Plans are under way to pardon Tuhoe prophet and healer Rua Kēnana, who was imprisoned for resisting arrest after troops stormed his Te Urewera settlement in 1916.
A brigade of 70 police trekked through rugged bush to reach Maungapōhatu, Rua Kēnana's home.
The government had banned Māori healing and there were suggestions that Rua Kēnana opposed his men enlisting for World War I.
They had come to arrest him for sedition but, despite standing unarmed in front of the marae with his son Toko and one other man, an exchange of gunfire broke out.
Toko and the other man, Te Maipi, were killed and several others injured.
After a lengthy trial, Rua was found not guilty of sedition but guilty of resisting arrest. He was sentenced to one year of hard labour followed by 18 months imprisonment.
On his return to Maungapōhatu, he discovered the village - which once had about 1000 residents - largely abandoned and overgrown.
Kirituia Tumarae's father was one of Kenana's followers, and he told her the story of the arrest time and time again.
"He was 14 years old at that time, would have been about 50m away but hidden, and he saw everything that went down," she said.
"He said Rua told him to stay out of sight, do not get involved because they are coming for him."
Ms Tumarae said her people have lived with the pain of these events for over a generation.
"Three days and three nights they were held up, the women and children, in a house, they weren't allowed to go out to get clothing.

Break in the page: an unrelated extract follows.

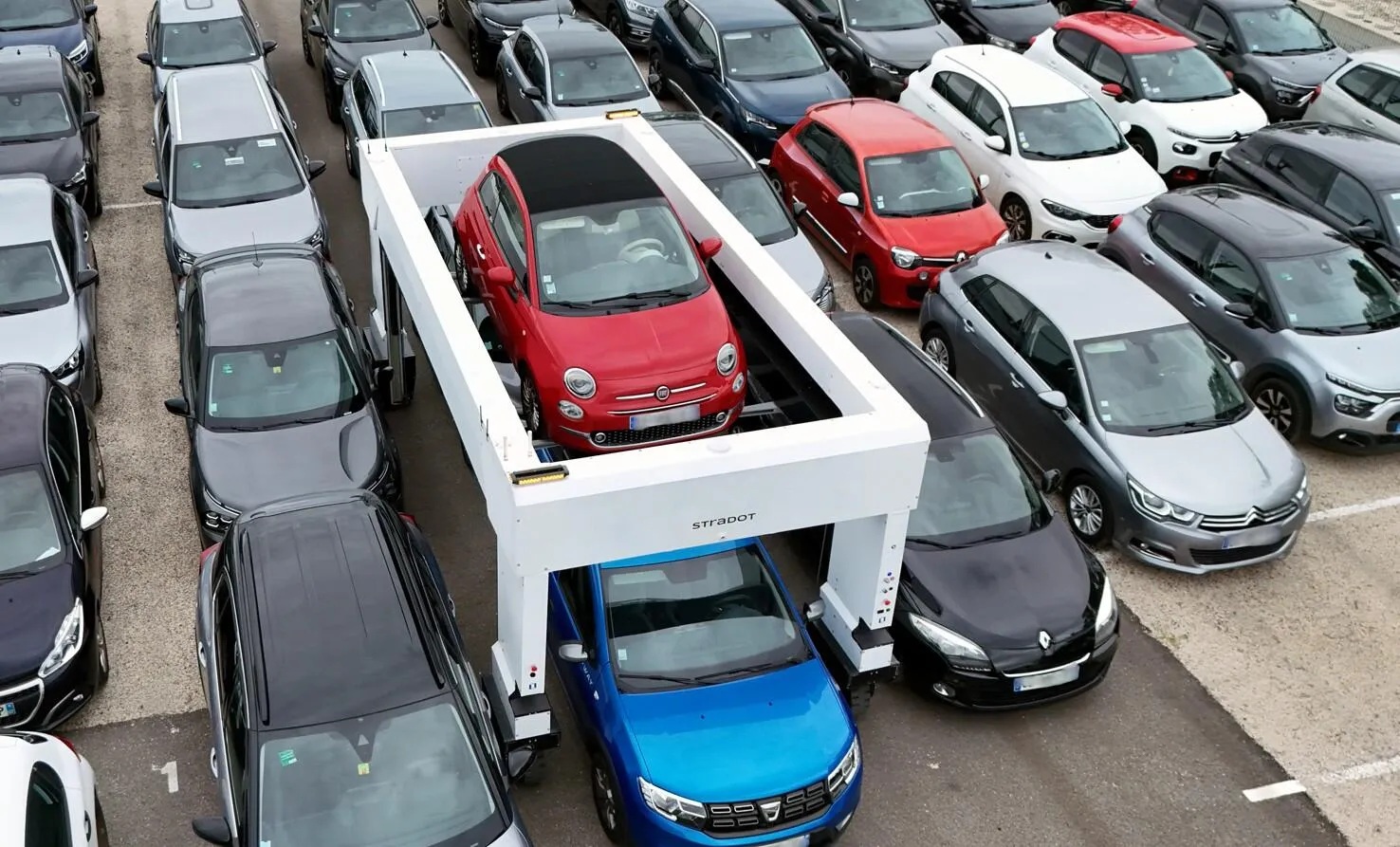 Co warto podkreślić, roboty transportowe STRADOT wyróżniają się unikalną zdolnością do podnoszenia pojazdów przeznaczonych do przemieszczenia oraz poruszania się wzdłuż już zaparkowanych samochodów, co umożliwi maksymalne wykorzystanie dostępnej przestrzeni. Takie rozwiązanie zwiększa zarówno pojemność placu składowego, jak i efektywność jego wykorzystania, ograniczając miejsca potrzebne do manewrowania i wyznaczania pasów ruchu.

"In that time the police were actually raping, not just Rua's daughter, there were some others too."
Māori Development Minister Te Ururoa Flavell said he has been working with whānau on ways to address the wrongful imprisonment, the deaths and the destruction of the Maungapōhatu community.
"It's not necessarily an apology per se but certainly the notion of a statutory pardon" - Māori Development Minister Te Ururoa Flavell
"We've got things such as a statutory pardon, got [the] Royal Prerogative of Mercy.
"And we've been working with them to try to see where they want to land on, which pathway."
Recently Mr Flavell was part of a Crown contingent that apologised to the people of Parihaka for atrocities committed by government troops in 1881.
Mr Flavell said Parihaka and Maungapōhatu were different - but similar in the way whānau have suffered.
"It's not necessarily an apology per se but certainly the notion of a statutory pardon that can bring certain things with it.
"There's the elements of forgiveness, of reconciliation, restoration of mana."
Ms Tumarae said forgetting the past was not an option.
Following the storming of Maungapōhatu, Rua Kēnana changed her father's name to Rongokino, which represented the bad intentions of the police.
"So we could remember what happened at Maungapōhatu."